Par Anne-Sophie Tassart le 22.11.2018 à 06h00 (site web)
Les Formica archboldi sont connues depuis plusieurs décennies pour décapiter leurs proies et laisser leur tête dans le nid. Un chercheur américain en a appris un peu plus sur ces fourmis au cours d'une étude.
Depuis 60 ans, des études de terrain montrent que les fourmis Formica archboldi - présentes au sud-est des États-Unis - ont une étrange coutume : elles dispersent des morceaux de fourmis Odontomachus dans leur nid, notamment des têtes, et en mangent d'autres (visible dans la vidéo ci-dessous, en anglais). "Quatorze ans après que Formica archboldi a été formellement décrite par Smith, une note sur l'histoire naturelle particulière de cette espèce a été écrite. En 1958, Van Pelt a noté : 'Les nids des F. archboldi contiennent de nombreuses têtes de Odontomachus haematoda insularis, ce qui indique que les Formica peuvent se servir d'un nid de Odontomachus, ou alors que ces dernières servent de nourriture'", écrit le chercheur américain Adrian Smith dans son propre article scientifique, paru le 16 novembre 2018 dans la revue Insectes Sociaux. Pour en savoir plus sur ce funeste phénomène, il a étudié la relation entre ces deux genres de fourmis.
Le biologiste a observé
les interactions de ces fourmis en laboratoire et parallèlement, il a
établi le "profil hydrocarburique
cuticulaire" des F. archboldi. Ces termes quelque
peu barbares font référence à une couche de cires non volatiles
qui recouvrent le corps des insectes. Leur fonction principale est d'empêcher
la dessication mais elles peuvent également jouer un rôle dans
la communication chimique. Par exemple, chez les fourmis du genre Odontomachus,
cette couche permet de différencier les fourmis originaires du nid des
autres. Ce profil peut être variable entre les espèces et parfois
même, entre les colonies. Cependant, il est possible que certaines espèces
partagent un profil à peu près identique notamment si une relation
de parasitisme les lie : l'organisme commensal (parasite) reproduisant le profil
de l'hôte. Le chercheur a donc réalisé ce "profil hydrocarburique
cuticulaire" sur des échantillons provenant de 21 colonies découvertes
dans 3 zones de Floride : une où l'espèce Odontomachus relictus
est abondante et deux où Odontomachus brunneus fourmille.

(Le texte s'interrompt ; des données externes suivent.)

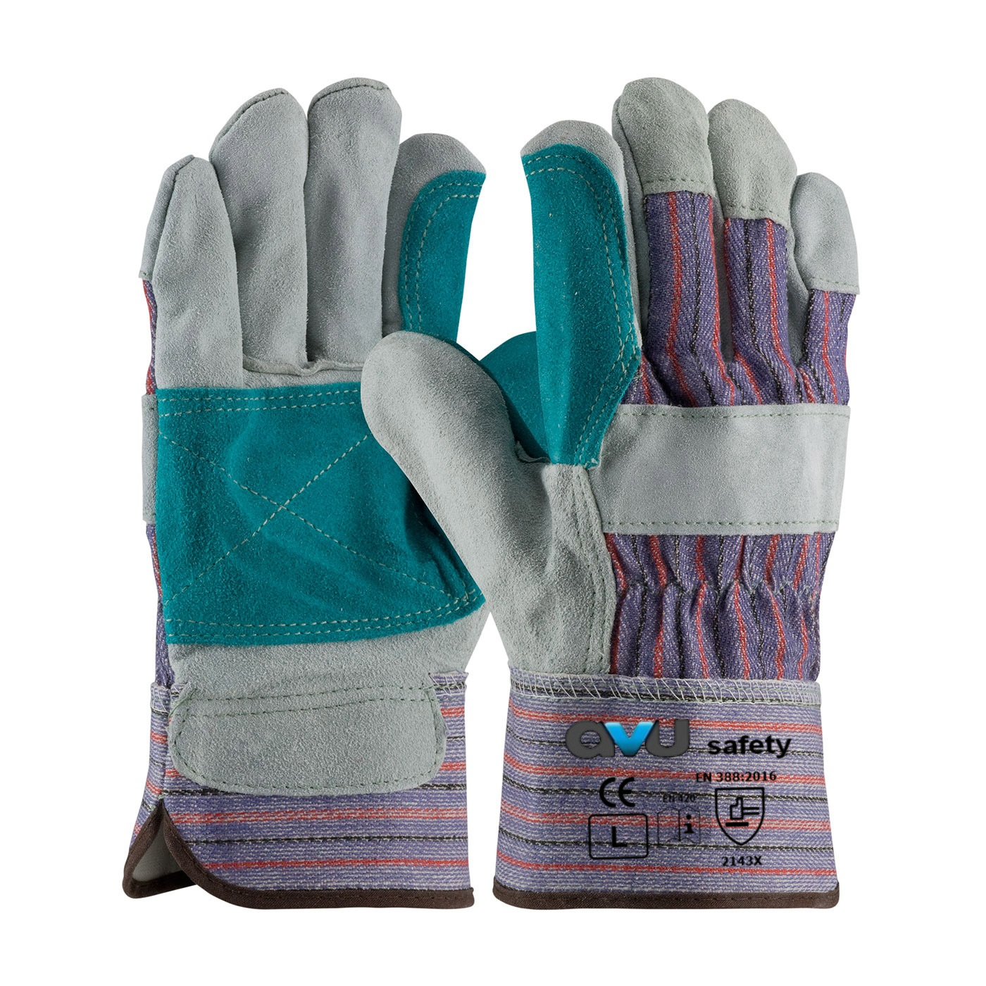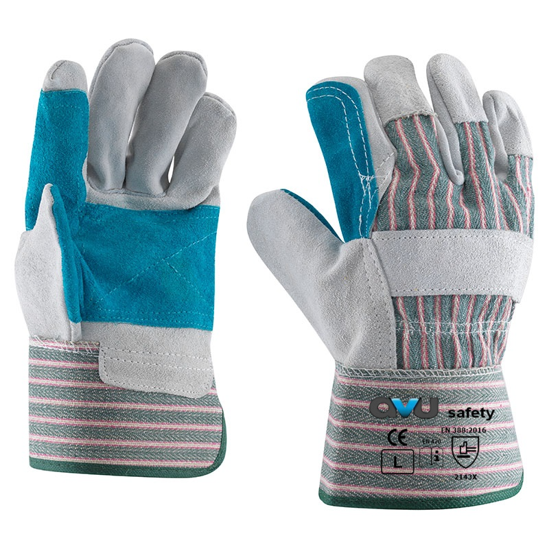 5-finger leather working gloves made of natural soft and flexible cow split leather palm covering index finger, pulse guard, wing thumb, three nail guards and knuckle strap With green dyed soft and flexible cow split leather reinforcement across the palm covering wing thumb and index finger.160 GSM red-blue,green stripped cotton fabric back and 8cm rubberized cuff with cotton lining on the palm. Leather Thickness 1.0/1.1 mms (+) (-) 0.1 mms upto 10%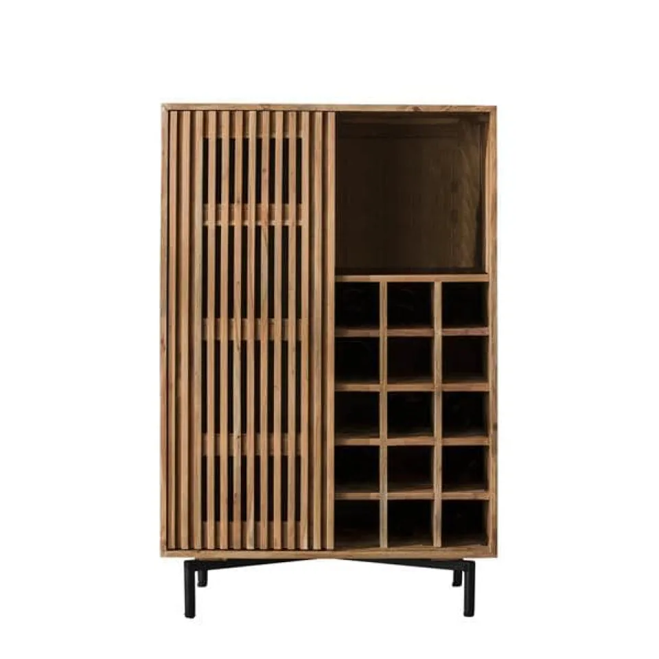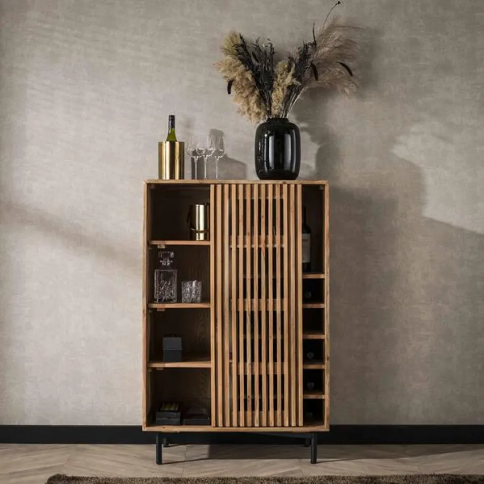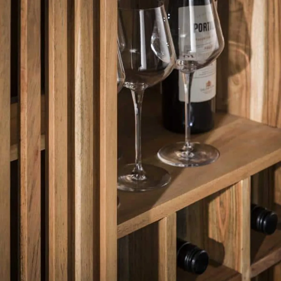 Deze wijnkast is uitgevoerd in acaciahout. De wijnkast beschikt over 1 schuifdeur, deze kan zowel voor de linker als voor de rechter kant geschoven worden. De wijnkast heeft 15 wijnvlakken en aan de andere zijde 3 schappen. De wijnkast heeft een speelse en eigentijdse uitstraling verkregen doordat er is gekozen voor latjes.
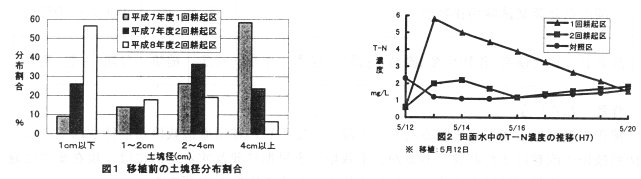 - 秋期・春期の二回耕起では、移植時の再生雑草も少なく、砕土状況も良好なため、田面水中へのペースト肥料の溶出も少ない(図1・2)。

Grâce à son étude, Adrian Smith a obtenu plusieurs résultats
intéressants. Tout d'abord, ces derniers soulignent que "F.
archboldi a un profil hydrocarburique cuticulaire qui correspond à
celui des espèces natives de Odontomachus avec lesquelles elle
cohabite". Mais cette correspondance n'empêche pas les agressions
entre ces spécimens. L'intérêt de celle-ci reste donc, pour
le moment, sans réponse. Autre découverte : les F. archboldi sont
particulièrement efficaces pour tuer des Odontomachus. Elles
se servent d'un spray d'acide pour les neutraliser, normalement utilisé
comme arme défensive. Celui-ci n'est pas plus efficace que celui des
autres espèces de Formica. F. archboldi est juste particulièrement
douée pour s'en servir. Pour M. Smith, il s'agit là d'une preuve
que les F. archboldi sont devenues avec le temps des prédateurs spécialisés
dans la chasse aux Odontomachus. Même en laboratoire, ces insectes
se sont appliqués à ramener dans le nid le corps de leurs adversaires
pour les décapiter. "Avant cette étude, Formica archboldi
était juste une espèce avec l'étrange habitude de collectionner
des têtes. Maintenant nous avons ce qui pourrait être un modèle
pour comprendre l'évolution de la diversification chimique et du mimétisme",
se réjouit le scientifique dans un communiqué.